だからアンリも……今は辛くて、ひとりになりたくないんだろうけど……強く、優しくなってよ。
酷な言い方だって解ってる。
でも……一緒に闘うんだから」
「チェリー……」
チェリーが、自分を見上げているアンリから視線を逸らした。
そしてサッと手を取ると――
「強制送還♪ お嬢様は帰らなきゃ、ね?」
――目の前にはエレーナ家の玄関が有った。
「また明日ねっ♪」いつもの笑顔で消えた。
チェリーって……
心の奥が深過ぎて見えない。
同じだけの時を生きてきた筈なのに
私とは違うのね……。
どれだけ多くの辛さを乗り越えてきたの?
何を背負っているの?
考えに集中する余り、アンリは知らず知らずのうちに璃双杏の木の下に来ていた。
「あ……」見上げる。
アンリは大木の幹を抱き締めた。
ブルーお兄様……
お兄様の優しさは悲しみの結晶。
チェリーよりも、もっとずっとたくさんの
辛さを乗り越えた証。
お兄様……大好き……
だから私も乗り越えなきゃ――
不意に背をぬくもりに包まれた。
「アンリ……」
蘇「班長、お母様は?」
瑠「置いて来た。
必要な事は話したのでな」
蘇「もしかして、あの水晶ですか?」
瑠「そうだ。

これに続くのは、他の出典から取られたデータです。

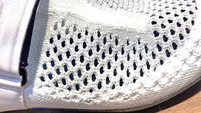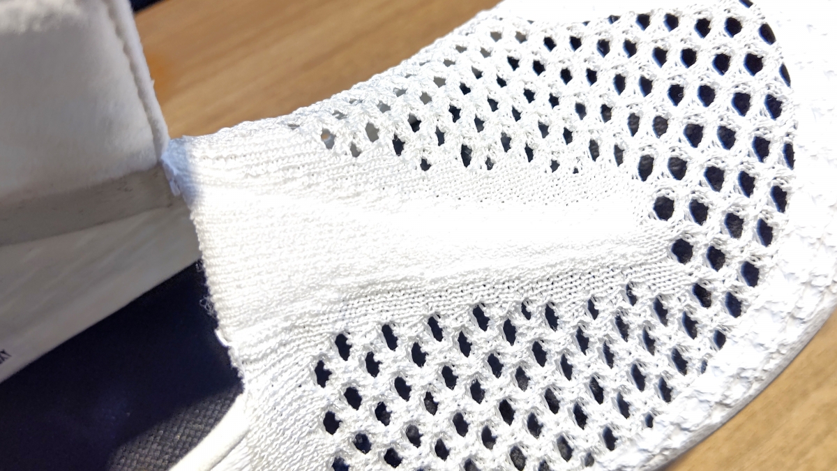 足を入れてみたところ、母指球などの圧迫感は生地の兼ね合いもありかなり少なく履きやすいモデルでした。

書く事は禁ずるが、
王族は魂をあの水晶に込める事が
可能なのだ」
蘇「王族、だけですか?」
瑠「個紋が無ければ込められぬ。
王族でなくても個紋さえ得られれば可能だ」
蘇「では、お父様も?」
瑠「まぁな」
葵【ルリ、そんな適当な返事は――】
瑠「来ちゃダメだってばっ!」
葵【そんな……酷いです】
瑠「お母さんが話したから帰って!」
葵【それにアオ様でない男性と二人きりなど
妃としての自覚を――】
ルリはアメシスを連れて曲空した。